There’s really no good way to recap this. It is all such a blur, but a painful, numbing one and not the fluid or fuzzy kind of blur. I stared at the clock on my car dashboard today as the time changed to 12:55pm – the time they ‘called’ his death and stopped efforts to revive him. I know now he was already long gone by then. The sound of the voice in the room that had to utter that official phrase to record his death still rings in my ears.
I’m my mind, I know he took his last breaths and his heart beat it’s last times in the moments we were making the 911 call and I was holding him and trying to stimulate him to breathe. Those moments, with us, in our house, were his last. Everything after that now just seems like a formality we have had to endure to try to save him because of our own expectations. I hear phantom cries in the mornings when I first wake up. Antonio has said he’s woken up at night and seen his face and a reddish light over our bed. I want to believe he is here.
People do not expect babies to die – especially growing, healthy, thriving almost one year olds with no known illness. The entire process had been a stark realization that we are not in control of the outcome of our expectations. Ever. We expect that even if our baby or child is sick or has an accident that there is something that can be done to save them. We’ve all become so very detached from these sort of things and just how often they do happen. That detachment has made it very awkward for me to figure out how to approach the rest of my life right now.
It’s been a month and I’ve only just started to learn that I’m probably not going to be ‘okay’ for a very long time. That doesn’t mean that other parts of life won’t go on and won’t be enjoyed, but the part of me that learns how to cope and grieve is not going to feel any better no matter what face I put on and walk around with. There are physical components to my grief that I am slowly becoming aware of. Food doesn’t taste as good. Nothing is really appealing. I’m not really aware of being hungry until I’m too hungry and feel sick, and when I do eat I often am full very quickly. My brain is numb and trying to focus on things I should and need to be working on are just impossible. Not for lack of wanting to do the task, but I can not bring my brain to make sense of it and get it done. It’s like walking around stunned where everything around you is like jumbled noise and all you hear is a piercing ringing in your ears.
I had a particularly hard few days last week and they were so painful and difficult that I just sort of cut off feeling and thinking about it for a few days. Complete detachment. It was temporarily better, but then so much worse. It was worse because I realized I can not run from this. I can’t pretend like nothing happened. I can’t pretend the most horrific thing in the world didn’t just happen right before my eyes without a single explaination. As I discover this new path in my life, and I meet people that are 6 months, 2 years, or 5 years or more into the grieving process, I feel completely naive to think we could just accept the facts as they were and move on. I am now understanding the complexities of such emotional and mental trauma. Everything you think you know about it, it’s so naive. So incredibly well meant, but completely misguided.

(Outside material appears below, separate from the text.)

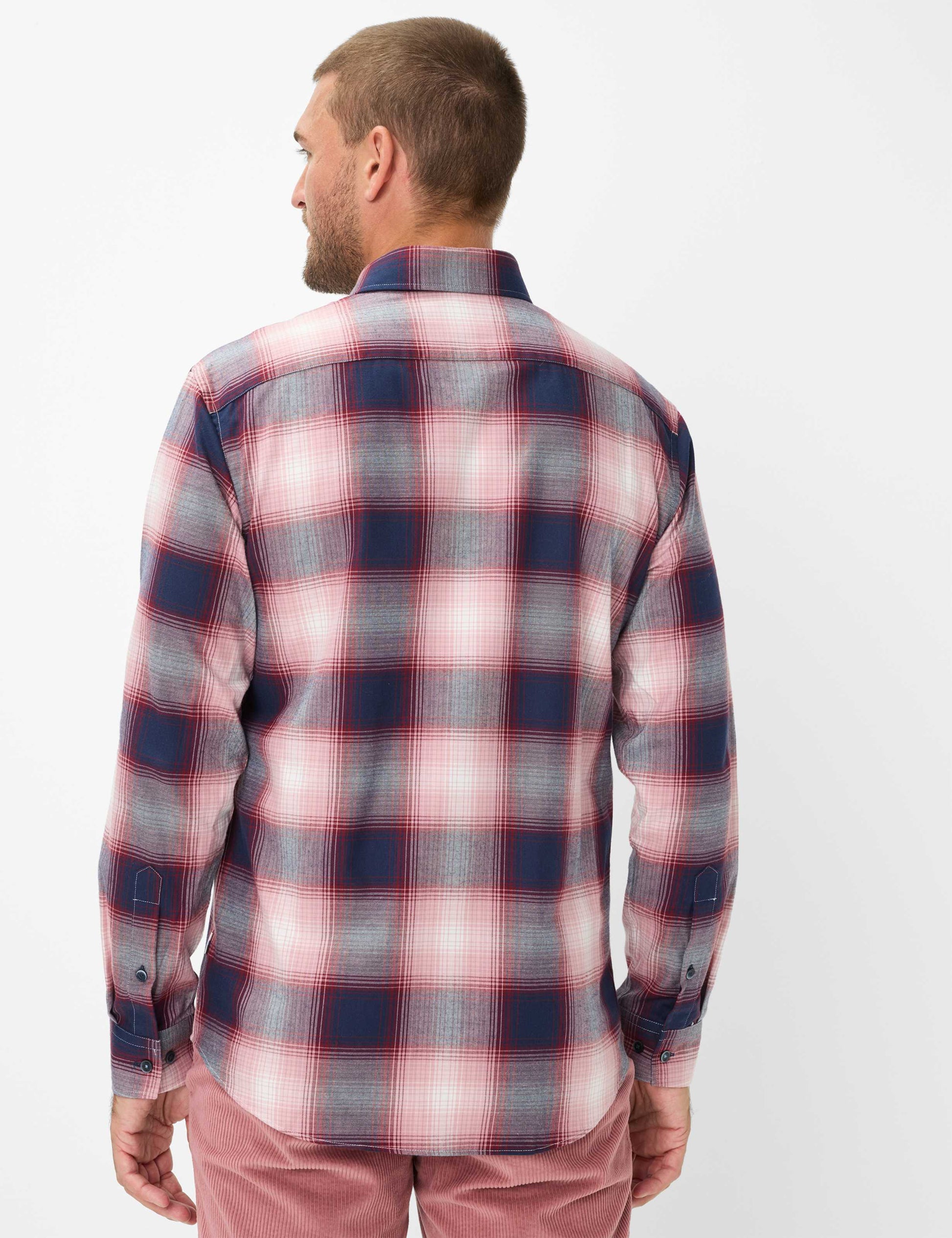 Das Hemd im STYLE DANIEL bringt modernen Casual-Charme in Ihren Kleiderschrank. Mit seiner klaren, leicht taillierten Passform setzt es auf eine smarte Silhouette, die lässig wirkt und dennoch gepflegt aussieht. Der Button-Down-Kragen sorgt für einen souveränen Sitz und verleiht dem Look eine sportlich-elegante Note. Praktische Details wie die aufgesetzte Brusttasche und die durchgehende Knopfleiste mit markanten Knöpfen runden das Design ab. Die großflächige Karostruktur verleiht dem Hemd einen zeitgemäßen, urbanen Charakter – perfekt für den modernen Alltag. Gefertigt aus 100 % Baumwolle in softer Flanell-Qualität, bietet dieses Hemd ein besonders angenehmes Tragegefühl. Der Stoff ist wärmend, atmungsaktiv und weich zugleich – ideal für die Übergangszeit und kühle Tage. Robust verarbeitet, bleibt es formstabil und pflegeleicht. Ob offen über einem T-Shirt getragen oder klassisch geschlossen: Dieses Hemd ist ein vielseitiger Allrounder.

I am grieving the loss of what I had, what I worked so hard to create, and then all the things I was expecting to still get. So many unmet expectations. This is one of the most complex parts of a loss like this – it’s all the things we expected him to be abe to do, try, enjoy, and experience, and our expercience of him doing them, that we have lost. We didn’t just lose a baby – we lost a little boy that was someone’s brother, someone’s best friend, someone’s soulmate. All that future ahead of him we expected to have is just forever gone. We’ve lost this unique little piece of our family that can never be replaced.
So in a month I’ve learned that this isn’t going to end any time soon, we’ve lost so much more than we initially realized, and that there are many things yet to discover in this process that we are still completely ignorant to. All I know is I miss him. If you wish you could do anything to help me, my only wish would be to bring him back. We all know that isn’t going to happen. There’s really nothing else right now that is going to help until we get to a point in our grief that we can start to heal. It will never be ‘all better’. There will always be a deep wound with a scar, but I have been told that one day there will be some healing. It won’t go away, but it will feel better. It just seems like a nice idea right now, and no where near a reality.